Der Frosch

Nach den anstrengen Tag haben die Mäuse-Schmidts und die kleinen Teddys wunderbar geschlafen. Nun saßen alle am Tisch bei einen kräftigen Frühstück. Es wurde viel und laut erzählt, es war ein durcheinander von verschiedenen Stimmen.

Draußen klopfte es schon mehrmals an der Tür und keiner hörte es. Das klopfen wurde immer lauter, aber immer noch hörte es keiner, auch das rufen wurde von niemanden gehört. Alle erzählten durcheinander, es wurde viel gelacht und die Stimmung war einfach toll. Die Mäuse waren froh das sie wieder zu Hause waren und die Teddys freuten sich wieder ordentliche und saubere Teddys zu sein.

Auf einmal ging die Tür auf und der Rattenmann mit seiner Frau traten ein. „Hört uns denn keiner hier“, rief der Rattenmann.
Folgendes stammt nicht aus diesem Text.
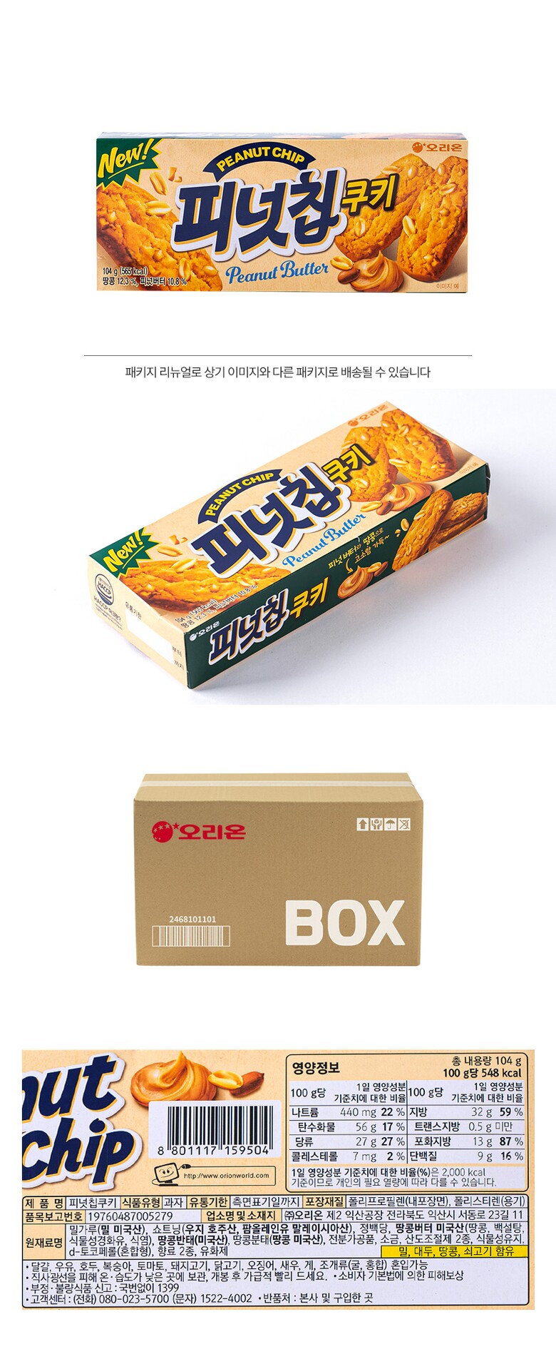 해당 상품은 [ 오리온 피넛칩쿠키 104g 21입 ] 구성의 상품입니다.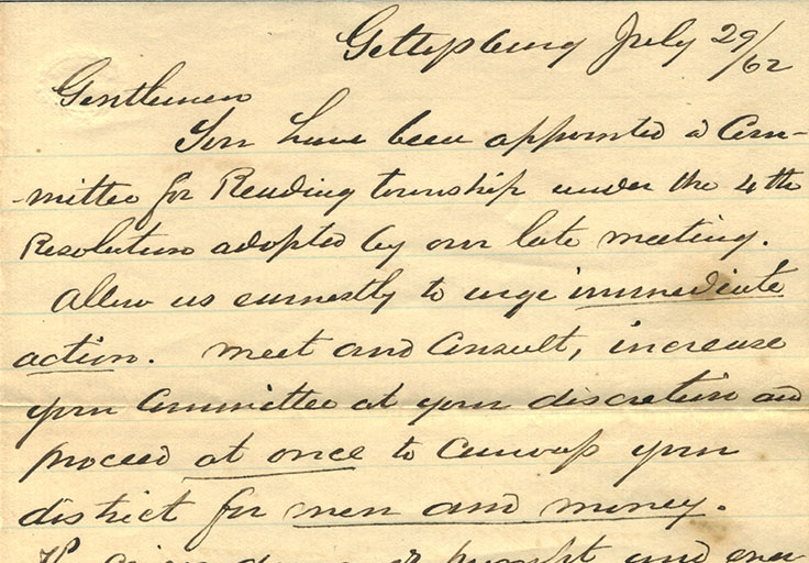 The crisis demands prompt and energetic action. The people do not comprehend the danger - our army must be re-inforced speedily and the rebellion put down, or it will put us down. When all is at stake, let us not hesitate to make sacrifices - let not Adams County fail to meet the [unknown] of duty.

Alle am Tisch erschraken sehr und mit einen Mal war totale Stille im Raum. Man hätte eine Stecknadel zu Boden fallen hören. Die Mäuse waren etwas erstaunt über den plötzlichen Besuch und die Teddys waren ganz blass um die Nase, haben sie doch noch nie Ratten gesehen und noch dazu solche riesengroßen. Sie saßen völlig erstarrt am Tisch. „Wir haben euch überhaupt nicht gehört, kommt nur herein meine Freunde und setzt euch mit uns an den Tisch“, rief der Mäusevater. Die Teddys waren immer noch völlig erstarrt.
Der Mäusevater stellte den Teddys die Ratten vor und den Ratten die Teddys. Langsam wich die Starre aus den Teddys, denn sie hatten jetzt verstanden, das es gute Freunde von den Mäusen sind.
„Wir haben Euch noch etwas mitgebracht“, sagte die Rattenmutter und ging zu Tür hinaus . Sie kam gleich mit einen Korb wieder herein. Der Korb war voll gepackt mit allerlei zu Essen und zu Naschen, alles ganz leckere Sachen.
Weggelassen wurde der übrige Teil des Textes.